- EXERCISE AIM -
Set down, unchanged, the line holding "The UD-NF7 supports" and all lines that follow it to the end of the material, leaving pictures out.

- DATA PROVIDED -
'''

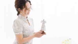 ・胸元はひし形に開きを入れ、オリエンタルな雰囲気に。上品な肌魅せを叶えます。
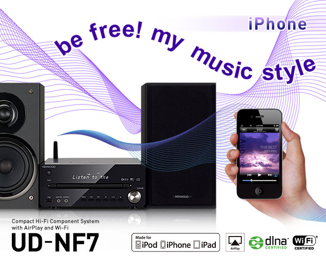 The UD-NF7 supports AirPlay for wireless, high-quality playback of an iPhone or iPad music library.
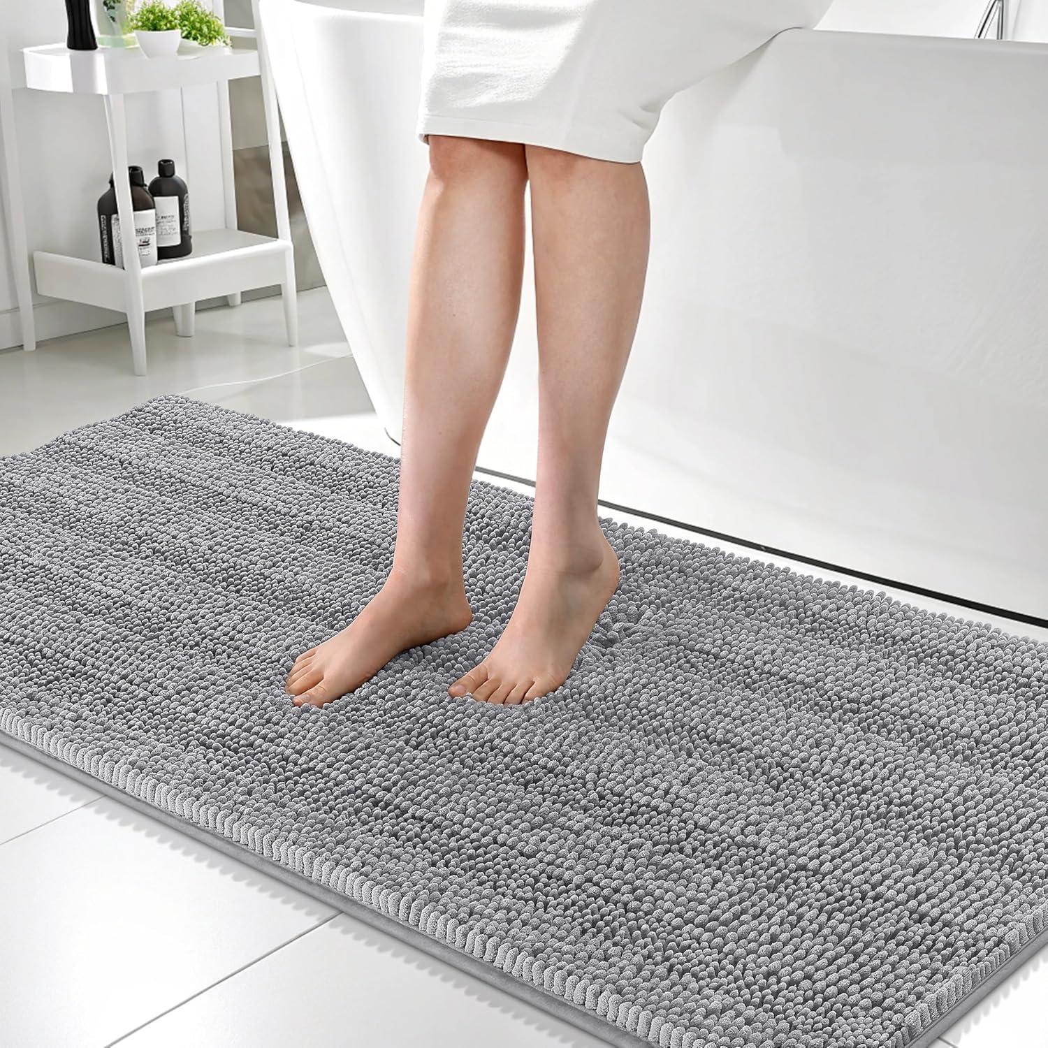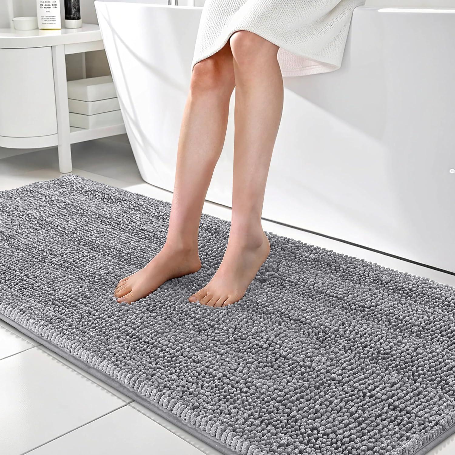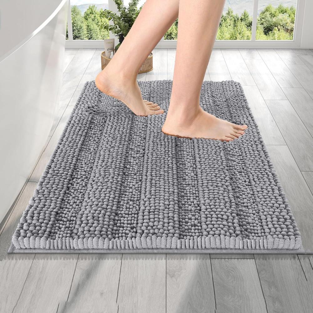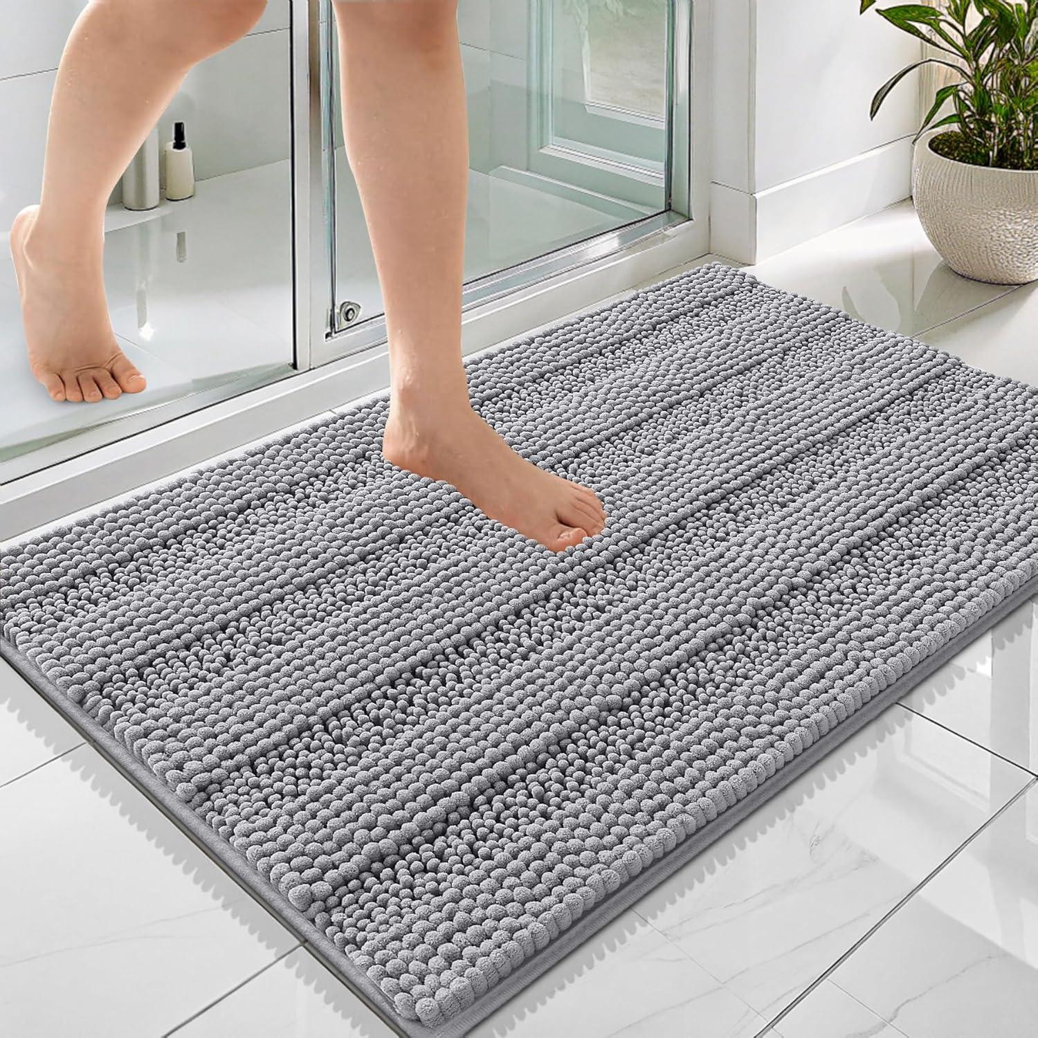 OLANLY Thick Bathroom Rugs 30x20, Extra Soft Absorbent Chenille Striped Bath Rugs, Rubber Backing, Machine Wash Dry, Bath Mats for Bathroom Floor, Tub and Shower, Home Decor Accessories, Grey(Grey)

'''

- ANSWER BOX -
 The UD-NF7 supports AirPlay for wireless, high-quality playback of an iPhone or iPad music library.
 OLANLY Thick Bathroom Rugs 30x20, Extra Soft Absorbent Chenille Striped Bath Rugs, Rubber Backing, Machine Wash Dry, Bath Mats for Bathroom Floor, Tub and Shower, Home Decor Accessories, Grey(Grey)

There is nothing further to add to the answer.